Zoltán Ebedli

Personal information
- Date of birth: 26 October 1953 (age 72)
- Place of birth: Budapest, Hungary
- Position: Midfielder

Youth career
- 1964–1974: Ferencváros

Senior career*
- Years: Team / Apps / (Gls)
- 1974–1984: Ferencváros / 295 / (47)
- 1984–1985: Újpest FC / 26 / (3)
- 1985–1986: Ferencváros / 19 / (0)
- 1986–1987: Erzsébeti Spartacus MTK LE
- 1987–1988: Syrianska FC

International career
- 1976–1983: Hungary / 12 / (1)

= Zoltán Ebedli =

Hungarian footballer (born 1953)

Zoltán Ebedli (born 26 October 1953) is a Hungarian retired professional footballer who played as a midfielder.

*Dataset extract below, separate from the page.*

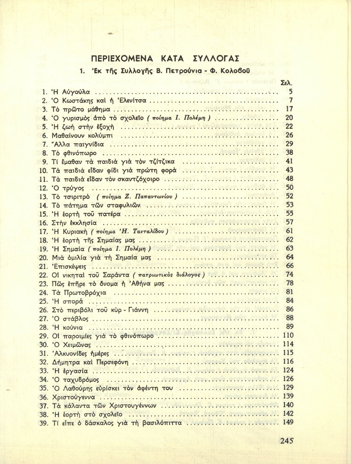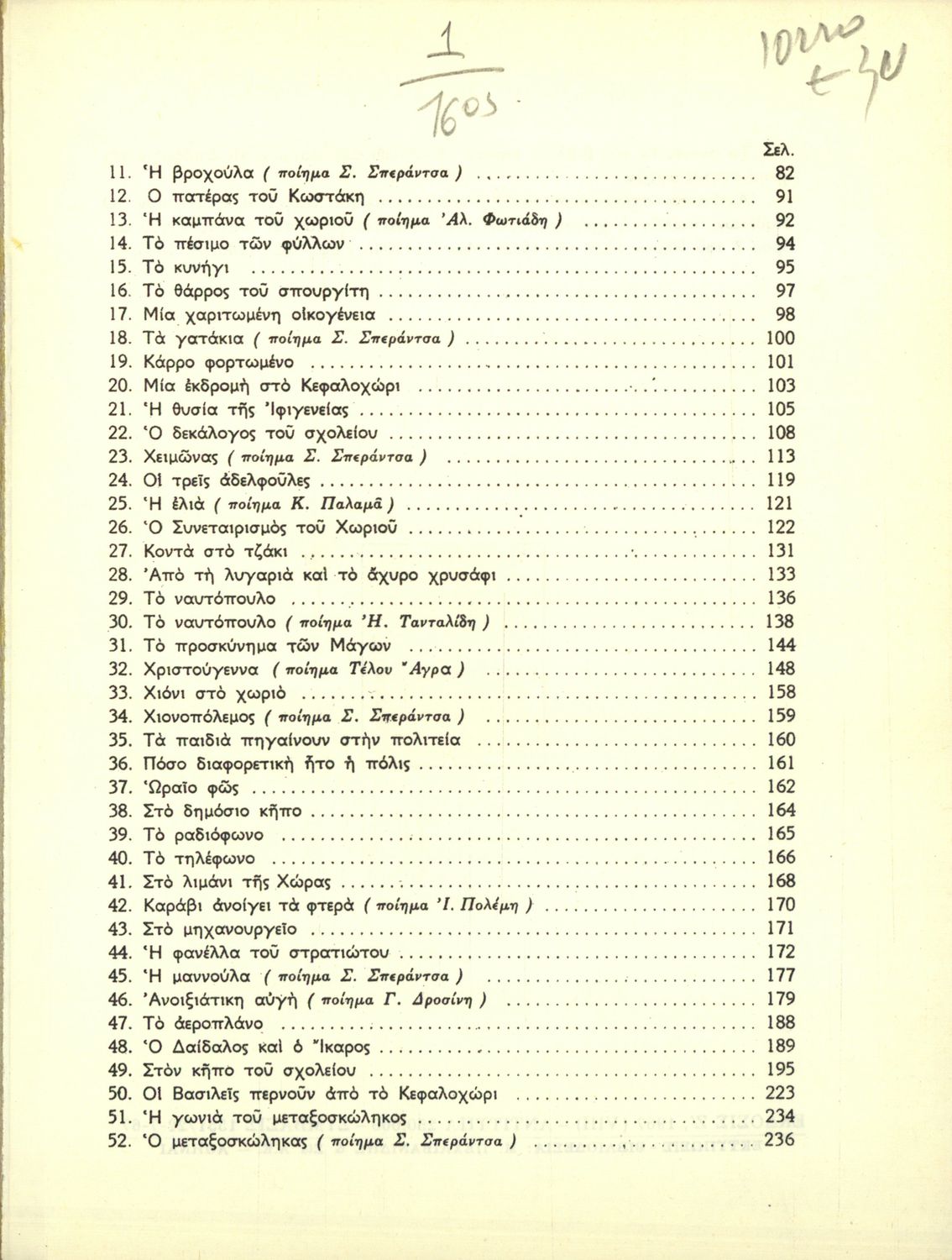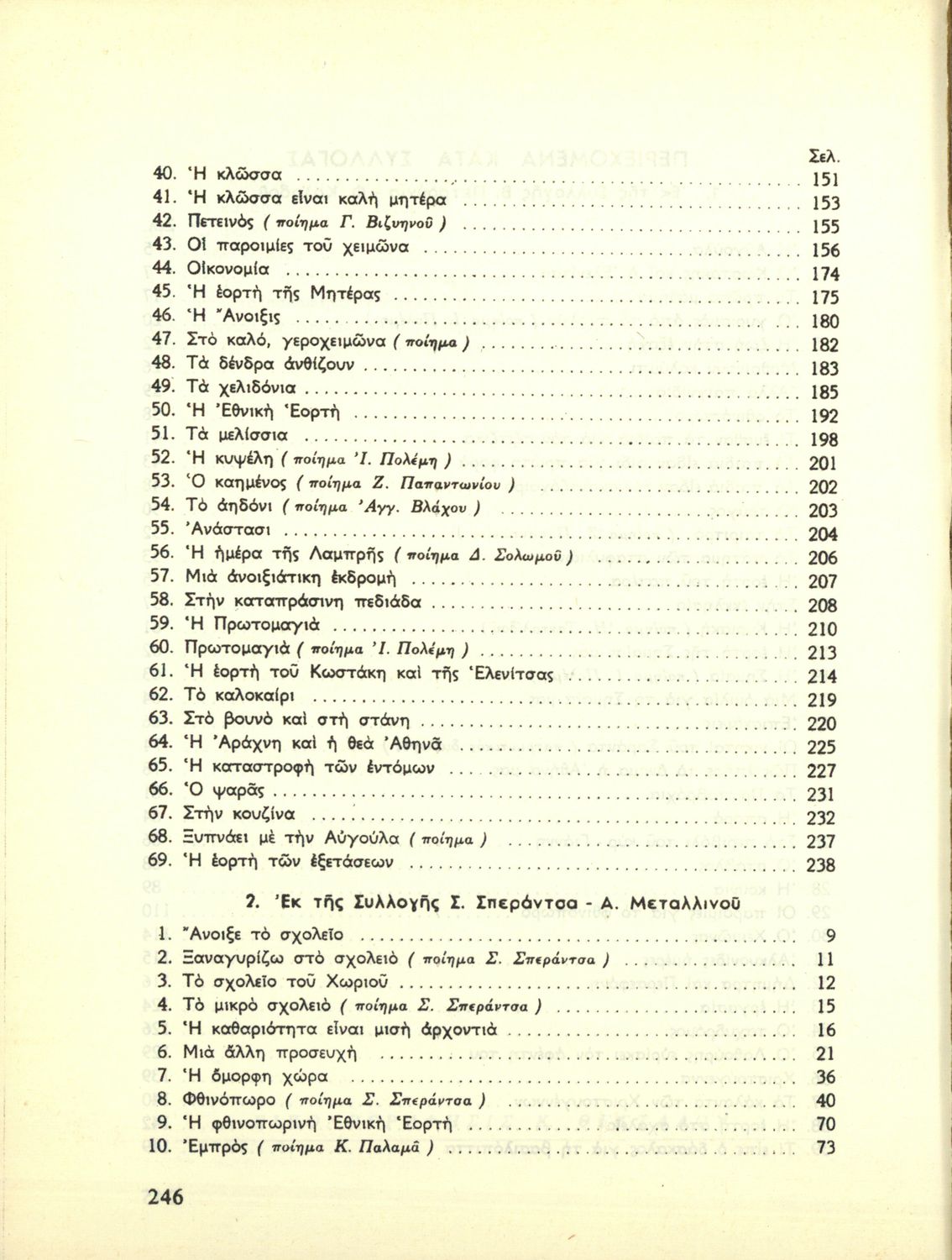 Αναγνωστικό Γ' Δημοτικού που είναι χωρισμένο σύμφωνα με τις εποχές του χρόνου και περιλαμβάνει ποιήματα και πεζά εμπνευσμένα από τη ζωή στην ύπαιθρο, την εθνική, οικογενειακή και κοινωνική ζωή, τη θρησκευτική παράδοση, τις ασχολίες των ανθρώπων, και την ελληνική φύση.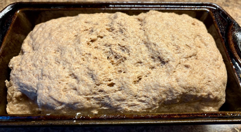 The dough program will be around 1.5 hours, but remove it after an hour and fifteen minutes and place in a covered greased loaf pan for fifteen minutes (in a warm spot). Now preheat the oven to 360 degrees.

He was a member of the Hungary national team.

== Club career ==
Ebedli is a home-grown player of Ferencváros. After Tibor Nyilasi, László Szokolai and László Pogány, he was the team's fourth highest scorer. He played one season for Újpest FC and then again for Ferencváros. At the end of his playing career, he first played for Erzsébeti Spartacus MTK LE, then for smaller Swedish team Syrianska FC until 1988.

== International career ==
Between 1976 and 1983 he played 12 times for the national Hungary national team.

==Personal life==
Zoltán is the younger brother of fellow footballer Ferenc Ebedli who also played for Ferencvárosi TC.